▶ **Provided records**
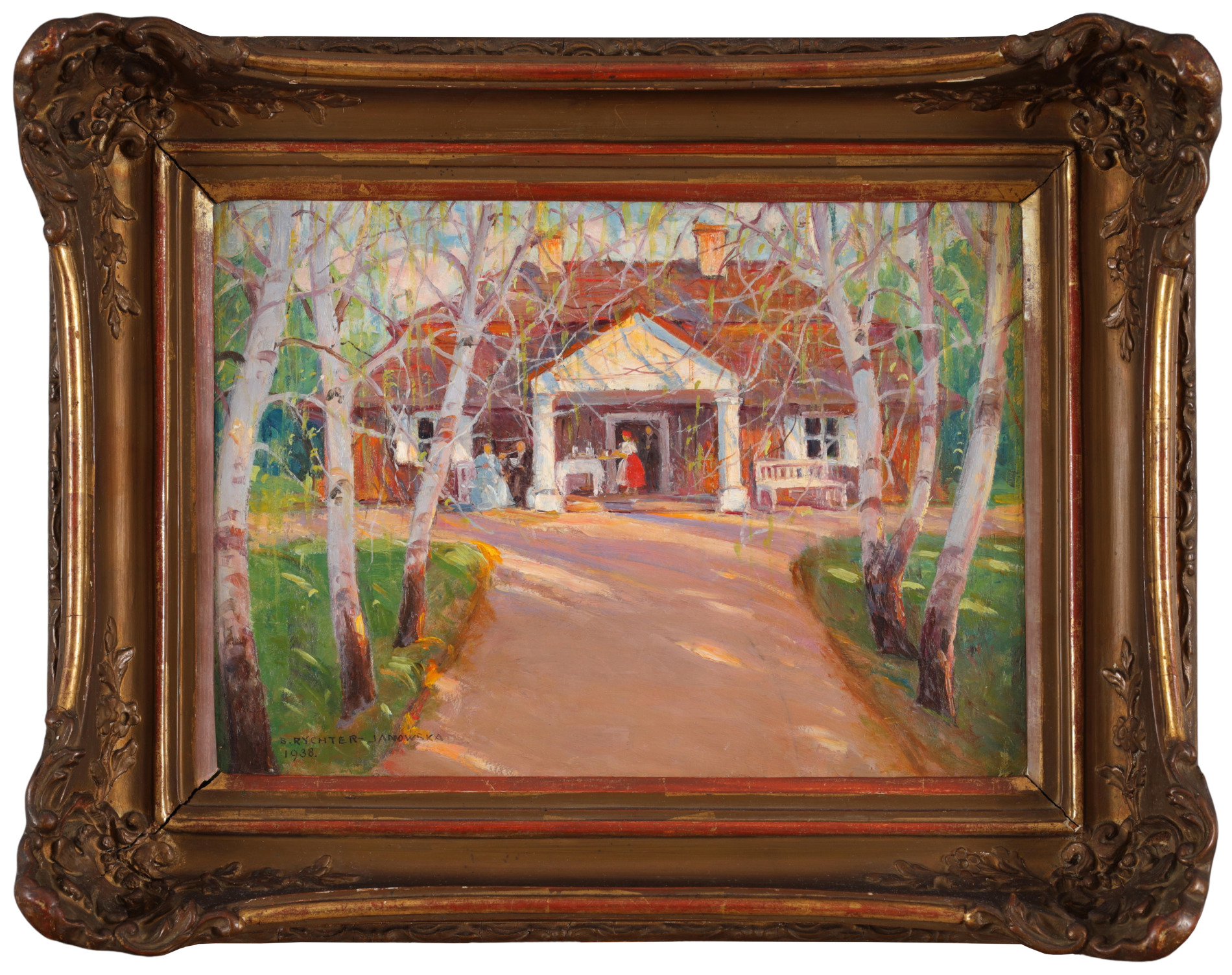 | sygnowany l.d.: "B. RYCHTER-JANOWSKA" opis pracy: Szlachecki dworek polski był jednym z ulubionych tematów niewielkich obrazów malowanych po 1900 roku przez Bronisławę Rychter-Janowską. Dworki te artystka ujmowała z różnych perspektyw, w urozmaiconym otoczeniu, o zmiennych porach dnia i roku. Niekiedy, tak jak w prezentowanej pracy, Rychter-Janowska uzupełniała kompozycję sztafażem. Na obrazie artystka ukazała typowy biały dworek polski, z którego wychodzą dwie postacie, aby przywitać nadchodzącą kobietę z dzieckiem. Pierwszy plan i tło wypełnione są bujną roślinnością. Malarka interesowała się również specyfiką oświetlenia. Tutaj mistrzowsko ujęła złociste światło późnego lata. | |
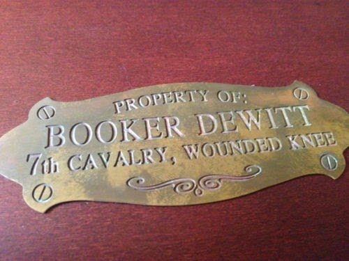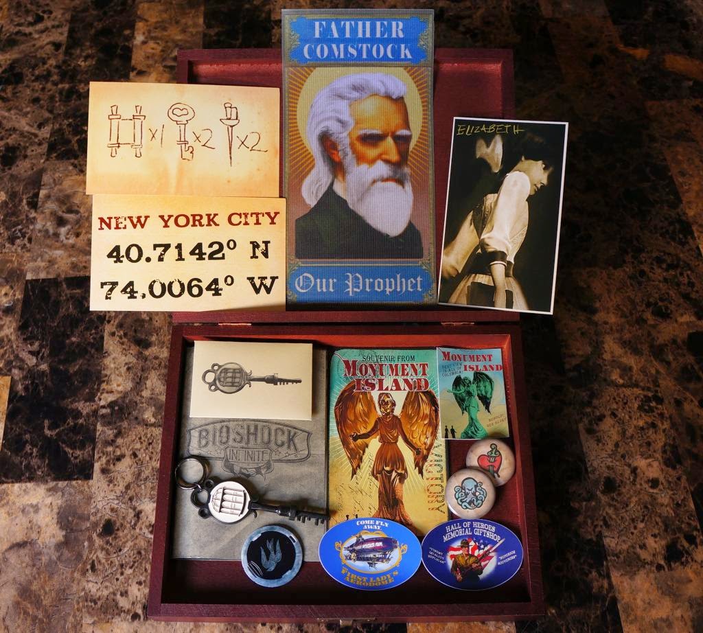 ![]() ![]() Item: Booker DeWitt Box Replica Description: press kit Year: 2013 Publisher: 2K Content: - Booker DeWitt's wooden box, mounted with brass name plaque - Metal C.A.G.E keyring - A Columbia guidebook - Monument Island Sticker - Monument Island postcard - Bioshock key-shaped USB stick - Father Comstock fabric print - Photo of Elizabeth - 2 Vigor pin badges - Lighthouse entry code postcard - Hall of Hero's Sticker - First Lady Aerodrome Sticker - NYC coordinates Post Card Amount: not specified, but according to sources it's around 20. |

* * *

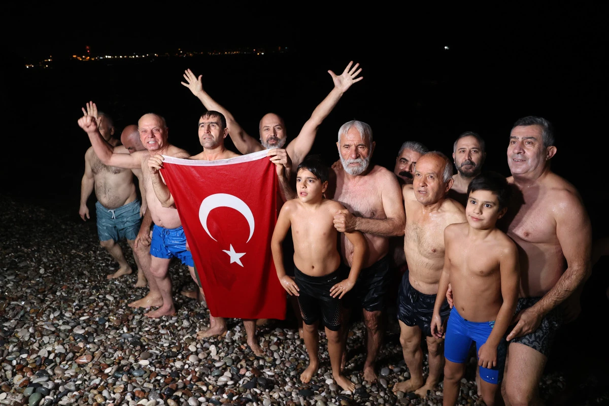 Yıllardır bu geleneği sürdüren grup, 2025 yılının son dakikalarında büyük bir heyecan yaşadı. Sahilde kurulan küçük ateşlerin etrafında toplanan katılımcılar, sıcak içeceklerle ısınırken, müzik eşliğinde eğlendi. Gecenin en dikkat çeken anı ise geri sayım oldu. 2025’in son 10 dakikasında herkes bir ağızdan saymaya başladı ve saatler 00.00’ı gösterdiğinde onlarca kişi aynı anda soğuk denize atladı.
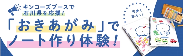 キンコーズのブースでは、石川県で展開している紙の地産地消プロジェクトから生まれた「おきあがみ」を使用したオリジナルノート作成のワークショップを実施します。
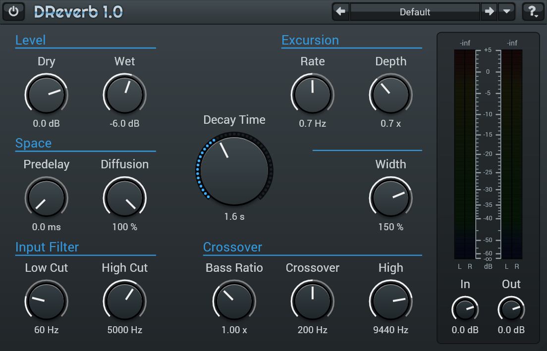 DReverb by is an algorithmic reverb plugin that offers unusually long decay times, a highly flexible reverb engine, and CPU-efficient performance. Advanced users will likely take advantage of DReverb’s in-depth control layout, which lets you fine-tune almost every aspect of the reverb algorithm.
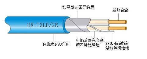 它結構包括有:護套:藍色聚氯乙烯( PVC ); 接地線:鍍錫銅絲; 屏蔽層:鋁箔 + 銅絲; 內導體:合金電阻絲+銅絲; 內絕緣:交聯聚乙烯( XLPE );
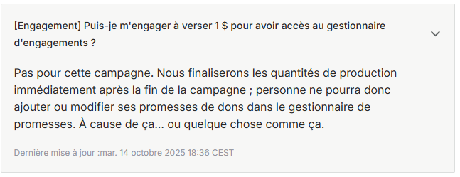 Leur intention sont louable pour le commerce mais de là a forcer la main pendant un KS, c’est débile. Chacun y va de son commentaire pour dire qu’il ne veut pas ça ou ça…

▶ **Task to carry out**
Above are some entries; copy exactly the lines from the line with "Yıllardır bu geleneği" through the line with "Leur intention sont", both included, but none of the pictures.

▶ **Response to this exercise**
 Yıllardır bu geleneği sürdüren grup, 2025 yılının son dakikalarında büyük bir heyecan yaşadı. Sahilde kurulan küçük ateşlerin etrafında toplanan katılımcılar, sıcak içeceklerle ısınırken, müzik eşliğinde eğlendi. Gecenin en dikkat çeken anı ise geri sayım oldu. 2025’in son 10 dakikasında herkes bir ağızdan saymaya başladı ve saatler 00.00’ı gösterdiğinde onlarca kişi aynı anda soğuk denize atladı.
 キンコーズのブースでは、石川県で展開している紙の地産地消プロジェクトから生まれた「おきあがみ」を使用したオリジナルノート作成のワークショップを実施します。
 DReverb by is an algorithmic reverb plugin that offers unusually long decay times, a highly flexible reverb engine, and CPU-efficient performance. Advanced users will likely take advantage of DReverb’s in-depth control layout, which lets you fine-tune almost every aspect of the reverb algorithm.
 它結構包括有:護套:藍色聚氯乙烯( PVC ); 接地線:鍍錫銅絲; 屏蔽層:鋁箔 + 銅絲; 內導體:合金電阻絲+銅絲; 內絕緣:交聯聚乙烯( XLPE );
 Leur intention sont louable pour le commerce mais de là a forcer la main pendant un KS, c’est débile. Chacun y va de son commentaire pour dire qu’il ne veut pas ça ou ça…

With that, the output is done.